When knights were bold… Glazunov’s musical time travel to the Middle Ages sets the scene for a truculent concerto whose protean first movement takes no hostages, and a dashing symphony-turned suite that’s a concert hall rarity.
Glazunov From the Middle Ages Overture
Beethoven Piano Concerto No. 3
Tchaikovsky Suite No. 3
Conductor Kirill Karabits
Piano David Fray
A stirring, swashbuckling slice of medieval life with a knock-out main melody of almost Straussian opulence raises the curtain on a programme that returns to Russia for an orchestral suite that brought Tchaikovsky his greatest triumph to date.
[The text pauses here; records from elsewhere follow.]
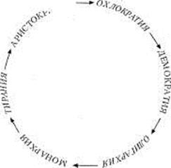 Итак, круговорот форм правления государства: три пра-иильные и три неправильные формы правления сменяют друг друга.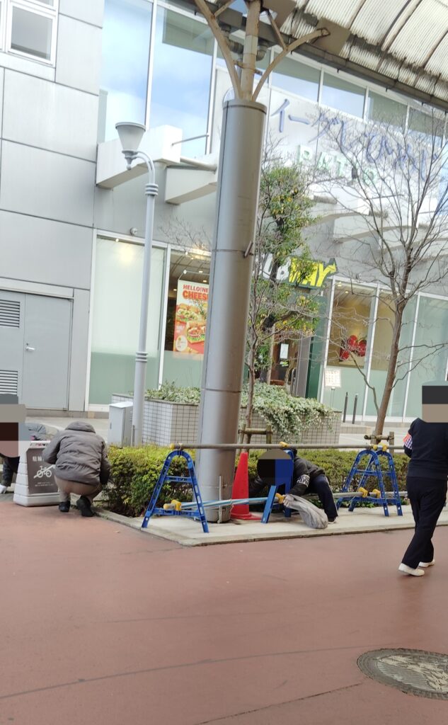 本日の現場です。作業中も自転車や歩行者の邪魔にならないように注意しながら作業を行います。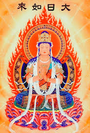 Vairocana, Tathagata Matahari yang Agung, setelah menguraikan dharma di tempat tinggal Mahesvara. Tathagata yang saat itu telah muncul dalam tubuh emas, dengan rambut menumpuk di atas kepalanya, membentuk jambul (sanskrit: ushnisha) yang kelihatan seperti mahkota dengan Lima Buddhas duduk di atasnya. Tathagata yang telah memancarkan sinar banyak warna, dan berjubah sutra seperti jubah putih sempurna. Ini adalah tanda mencapai pencerahan sempurna Suddhavasa di Surga. Beberapa orang menganggap bahwa Vairocana, Tathagata Matahari yang Agung, adalah Dewa Matahari. Namun, saya merasa bahwa saat Great Tathagata matahari ini identik dengan matahari itu sendiri, yang merubah kegelapan menjadi terang , cahaya matahari membagi dunia ke dalam siang dan malam, dan ada tempat di mana sinar matahari tidak dapat dijangkau. Dengan demikian, kata besar/agung yang ditambahkan ke kata Matahari untuk menandakan bahwa terang Buddha adalah sepenuhnya adalah sinar kebijaksanaan dari Great Tathagata Matahari bersinar sepenuhnya untuk menenangkan seluruh semua alam dharma.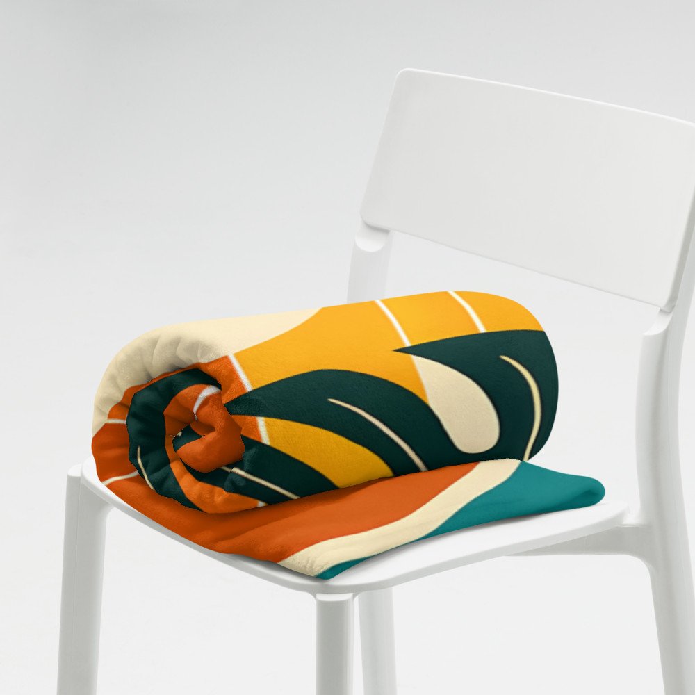 Abstract Botanical Sun and Monstera — Throw Blanket

Composed in 1884 (and a close neighbour of the Manfred Symphony we heard last month), it’s a work full of guileless tunefulness, seductive textures and artful restraint – pulling on its dancing shoes for a Valse mélancolique and concluding Polacca. In between comes Beethoven in C minor, always a turbulent prospect though the Piano Concerto No.3 boasts an irresistibly serene soft centre and a Finale that fizzes.
“An adept accompanist” (The Telegraph), in his second appearance of the series Kirill Karabits is joined by headturning French pianist David Fray. “The perfect example of a thinking musician” according to Die Welt, “he is an artist we need to hear more of” enthuses The New York Times.